La mobilisation de la hanche lors des changes entraîne des pleurs. C'est dans cet esprit que le pédiatre examine toujours la mobilité de la hanche chez le nourrisson fébrile.

La biologie peut montrer un syndrome inflammatoire non spécifique.

L'échographie affirme rapidement l'épanchement articulaire, éventuellement un décollement périosté ou un abcès profond. Elle permet le suivi, et guide une éventuelle ponction.

La radiographie osseuse au début peut montrer un odème des parties molles et un écartement des extrémités osseuses au niveau de l'articulation.

L'atteinte articulaire nécessite l'évacuation du pus en urgence par ponction articulaire, sous anesthésie générale, permettant également d'isoler le germe (streptocoque B, staphylocoque doré, colibacille, pseudomonas.), et de pratiquer une ponction biopsie osseuse qui affirme le diagnostic. Une arthrotomie (ouverture avec nettoyage de l'articulation) complète souvent ce geste.

L'antibiothérapie intraveineuse associe deux ou trois antibiotiques, avec un suivi biologique et échographique tous les 2 ou 3 jours. L'immobilisation de l'articulation est également pratiquée chez ce nourrisson.

Sous traitement efficace et bien mené, l'évolution est généralement favorable. Cependant, il persiste parfois des séquelles qui peuvent être graves sur le plan fonctionnel.

L'arthrite septique du jeune enfant

Il s'agit d'une arthrite (inflammation de l'articulation) liée à une infection bactérienne. Elle touche à cet âge plus souvent le genou, ou la hanche, mais d'autres articulations peuvent également être atteintes.

Le début brutal chez un enfant (souvent de moins de trois ans) associe fièvre élevée, douleur articulaire, impossibilité de bouger l'articulation atteinte. L'examen retrouve augmentation de volume, rougeur, chaleur, de l'articulation, qui n'est pas mobilisable, alors que la palpation des os sus et sous jacents ne provoque pas de douleur. Il faut rechercher une porte d'entrée du germe : plaie, éruption, panaris, angine, etc.

Les examens biologiques montrent les signes d'inflammation et d'infection (hyperleucocytose, CRP et VS augmentées), les hémocultures peuvent retrouver le germe, la radiologie est normale au tout début, l'échographie qui n'a pas ici un grand intérêt, ne ferait que confirmer l'épanchement.

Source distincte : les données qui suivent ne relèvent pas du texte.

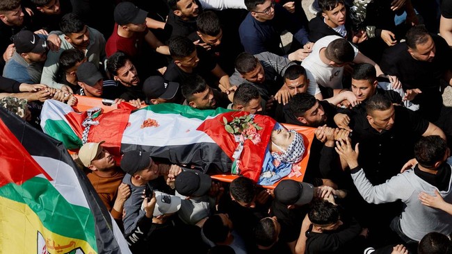 Nablus - Jenazah Yazan Ishtayeh, warga Nablus, Tepi Barat, Palestina, yang dibunuh Israel dimakamkan. Isak tangis mengiringi pemakaman pemuda tersebut.
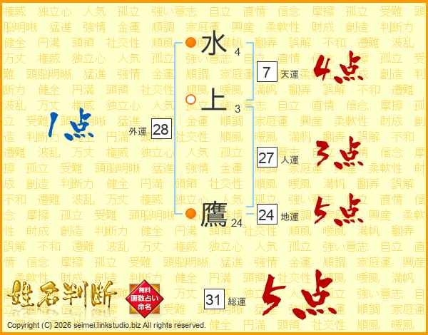 水上鷹さんの総運は31画の5点!
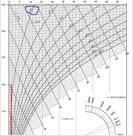 Берем температуру минус 20, относительную влажность ну хрен с ним 70-80% и тянем строго вверх линию до + 20 градусов Цельсия. На рисунке красным
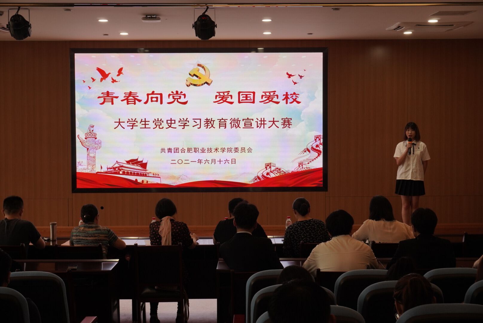 不忘来时路,奋进新征程。为迎接七一百年华诞,庆祝中国共产党成立100周年,推动党史学习教育深入青年、深入基层团支部、深入人心,号召广大团员青年共学党史,传承红色基因、革命薪火, 2021年6月中下旬,校团委成功举办“青春向党 爱国爱校”党史学习教育微宣讲大赛,本次大赛分校区举行,为期两周时间,鼓山校区管委会主任周泽山、机关分党委、校工会、学生处、宣传部、马克思主义学院、基础教育学院教师代表、各二级学院团总支专职团干分别担任本次大赛评委。

Le traitement associe ponction et lavage articulaire, confirmant également le diagnostic, l'immobilisation au moins une semaine, un traitement antibiotique intraveineux 3 semaines, puis par voie orale. Les germes en cause sont le pneumocoque, le staphylocoque doré, les streptocoques A et B, kingela Kingae.La généralisation du vaccin anti-hémophilus a pratiquement fait disparaître les infections dues à ce germe.

Avec un traitement précoce et adapté, la maladie guérit sans séquelles. Sinon une raideur articulaire est possible avec une ankylose, parfois en mauvaise position nécessitant ultérieurement un traitement chirurgical.